**Dataset section:**
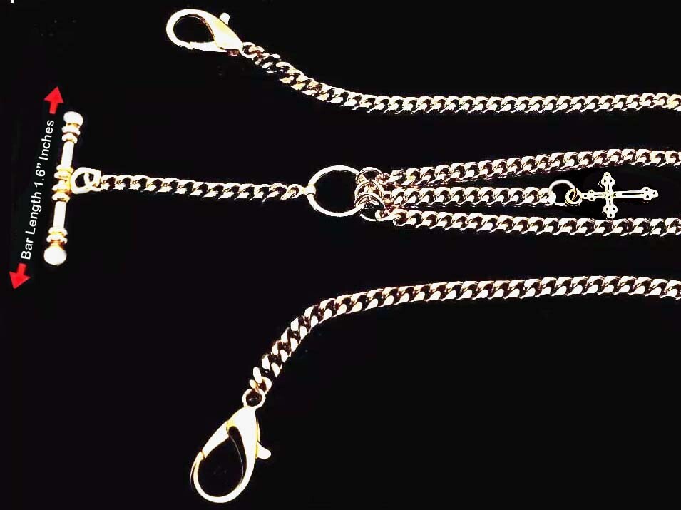 Gold Plated Strong Pocket Watch Albert Double Chain With Ornate Cross Fob
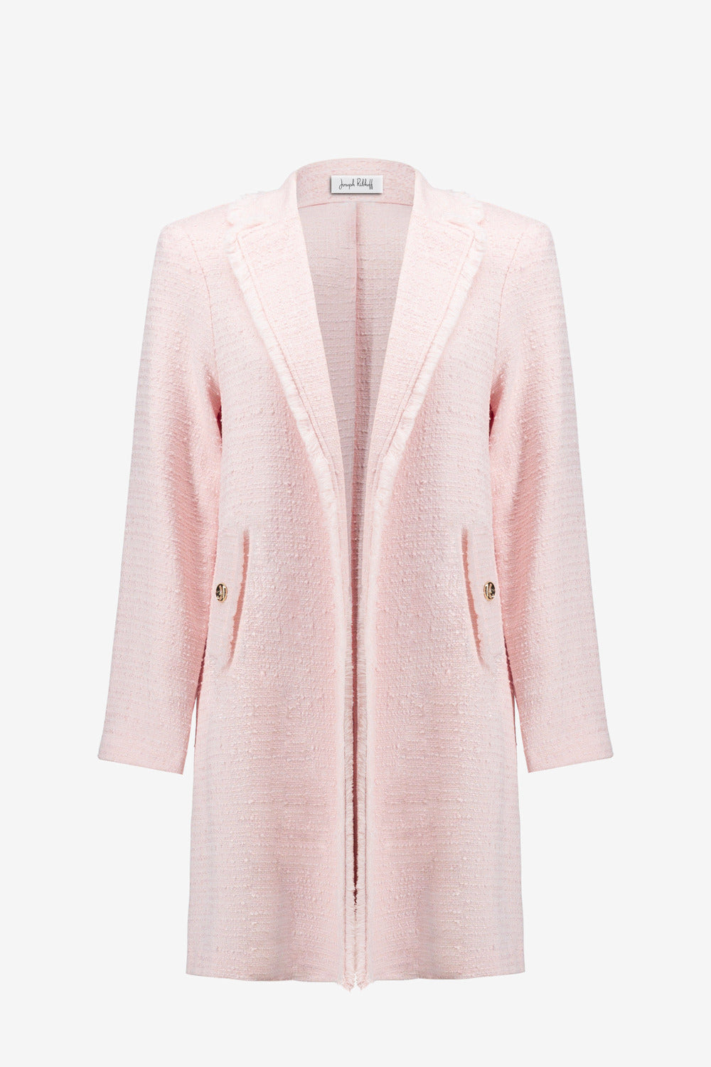 De lichtroze bouclé stof geeft de jas een romantische, high-fashion uitstraling, terwijl de zorgvuldig geplaatste franje rond de revers en voorzijde zorgt voor een speels maar chic accent. De gouden knoopdetails aan de zakken voegen een vleugje glamour toe zonder te overdrijven.
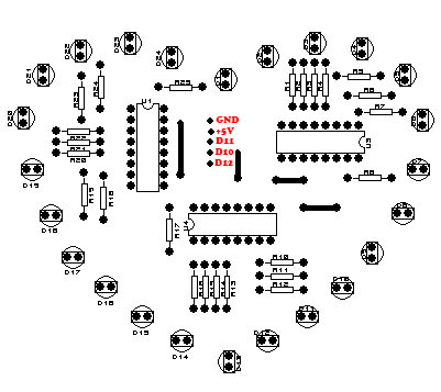 - 24 đèn led 5mm màu đỏ đục (Màu vỏ trắng đục, không nên dùng led siêu sáng vỏ trong suốt vì ánh sáng rất chói)

**What is expected:**
Transcribe exactly the line that contains "De lichtroze bouclé" and each line after it through the end of the listing. Leave out the pictures.

**Response box:**
 De lichtroze bouclé stof geeft de jas een romantische, high-fashion uitstraling, terwijl de zorgvuldig geplaatste franje rond de revers en voorzijde zorgt voor een speels maar chic accent. De gouden knoopdetails aan de zakken voegen een vleugje glamour toe zonder te overdrijven.
 - 24 đèn led 5mm màu đỏ đục (Màu vỏ trắng đục, không nên dùng led siêu sáng vỏ trong suốt vì ánh sáng rất chói)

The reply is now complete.